Single by Dave Dobbyn

from the album Available Light
- Released: 2 May 2005 (New Zealand)
- Recorded: 2005
- Genre: Rock
- Length: 3:51
- Label: Sony BMG
- Songwriter(s): Dave Dobbyn

Dave Dobbyn singles chronology
| "Beside You" (1999) | "Welcome Home" (2005) |  |

Music video
- "Welcome Home" at NZ On Screen

= Welcome Home (Dave Dobbyn song) =

"Welcome Home" is a single by New Zealand singer/songwriter Dave Dobbyn, released in 2005 from the album Available Light. The song reached number 10 on the New Zealand charts.

==Background==
Dobbyn was inspired to write the song after seeing Christchurch anti-racism protests and the sense of community that came through. The song was produced by Neil Finn.

==Track listing==

| No. | Title | Length |
|---|---|---|
| 1. | "Welcome Home" | 3:51 |
| 2. | "Rome" | 3:04 |
| 3. | "Welcome Home (instrumental)" | 3:51 |

==Music video==
The music video was directed by Tim Groenendaal. It intercuts scenes in black and white of Dobbyn walking through Auckland suburbs with colour vignettes of immigrants to New Zealand. It notably includes then asylum seeker Ahmed Zaoui, who was appealing a security certificate issued due to alleged links to terrorist groups.
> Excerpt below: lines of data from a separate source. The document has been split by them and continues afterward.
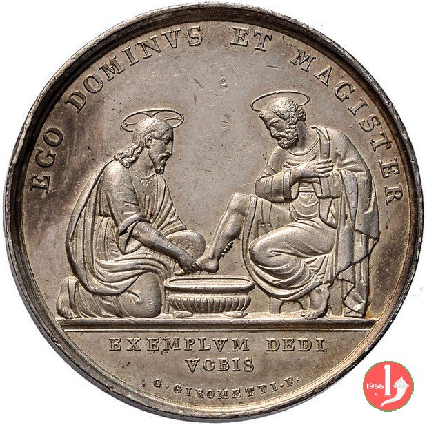 Lavanda dei piedi - A . XV -Bo196 Obverse: GREGORIVS • XVI • _ PONT • MAX • A • XV • busto a dx con berretto e piviale sotto: GIROMETTI • F • Gesú genuflesso a dx lava i piedi a S. Pietro seduto a sx in esergo: EXEMPLVM DEDI = VOBIS = G • Girometti • F • | |
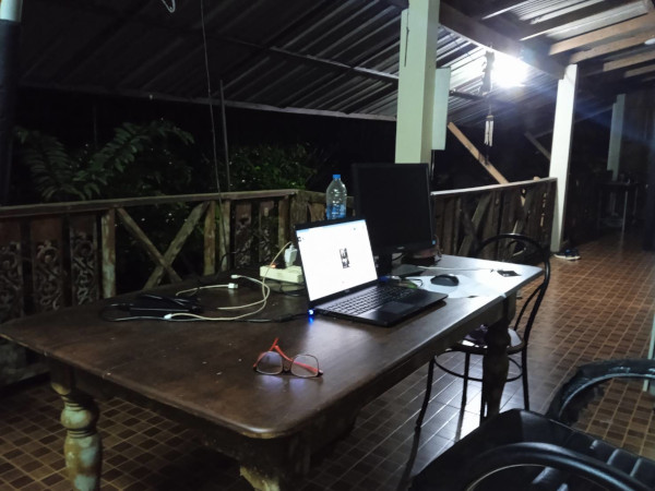 ตอนนี้ดูเวลา 5.40 น.แต่ยังมืดสนิท ฝนยังคงตกหนักตลอดเวลา หน้าระเบียงสำหรับทำงานลมพัดอากาศค่อนข้างเย็น แต่ยังนั่งทำงานได้สบาย มองดูยอดไม้ที่กระทบที่ขึ้นมาตรงระเบียงกระทบกับแสงไฟ ดูสงบ นิ่ง คล้ายชีวิตของตนเอง ตอนนี้ รู้สึกว่า สงบและนิ่งมีความสุข ได้ทบทวนหลายสิ่งหลายอย่าง ได้เตรียมตัวหลายสิ่งหลายอย่าง ได้พบกับคอมพิวเตอร์ที่ชอบและใช้งานได้ดี พิมพ์สะดวก คล่องตัว มีความเร็วดี ทน เสียดายเพิ่งซื้อมาใช้งาน หากใช้งานมาก่อนหน้านั้น งานหน้าจะออกมามากกว่านี้
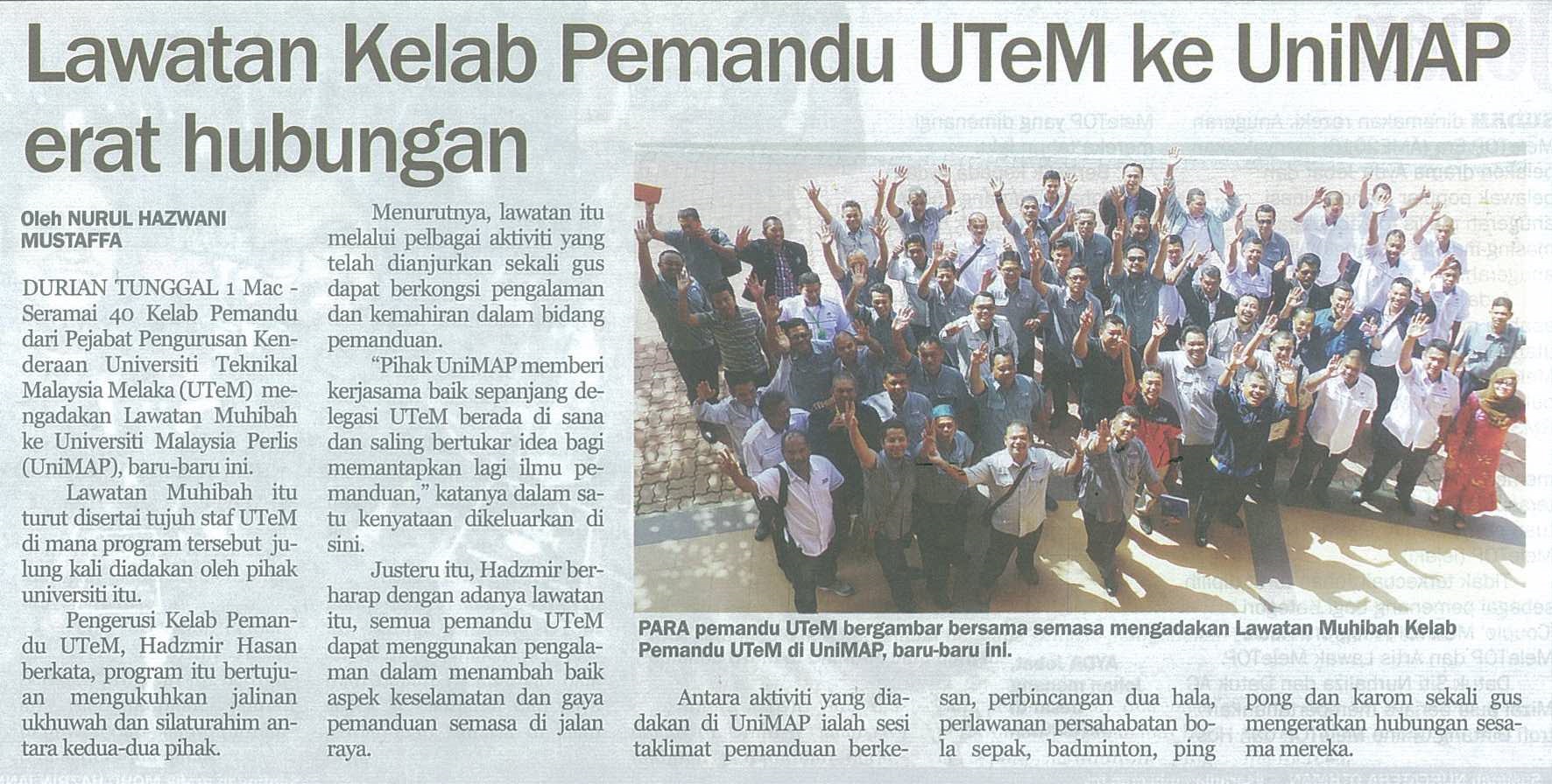 Lawatan Kelab Pemandu UTeM ke UniMAP erat hubungan
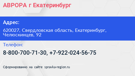 АВРОРА, г. Екатеринбург по адресу 620027, Свердловская область, Екатеринбург, Челюскинцев, 92 в дальнейшем Организация, размещена в следующих категориях:

The video finishes with written text on screen: "We come from everywhere. Speak Peace and Welcome Home. Dave."

==Awards==
"Welcome Home" was nominated for two awards at the 2005 New Zealand music awards. Dobbyn won 'Songwriter of the Year' for the song.

==Legacy==
Music critic Nick Bollinger praises the song for being intrinsically New Zealand and representing Dobbyn's "perfect New Zealand that we get a glimpse of sometimes". Fellow critic Russell Baillie suggests that "Welcome Home" "captured a mood in the country at the time".
Dobbyn performed the song at the funeral of former New Zealand Prime minister David Lange, and the 2006 New Zealand Memorial dedication ceremony in London. When Dobbyn performed the song at the 2005 New Zealand Music Awards awards ceremony, Ahmed Zaoui also appeared on stage.

==Certifications==

Certifications for "Welcome Home"
| Region | Certification | Certified units/sales |
| New Zealand (RMNZ) | 2× Platinum | 60,000^{‡} |
^{‡} Sales+streaming figures based on certification alone.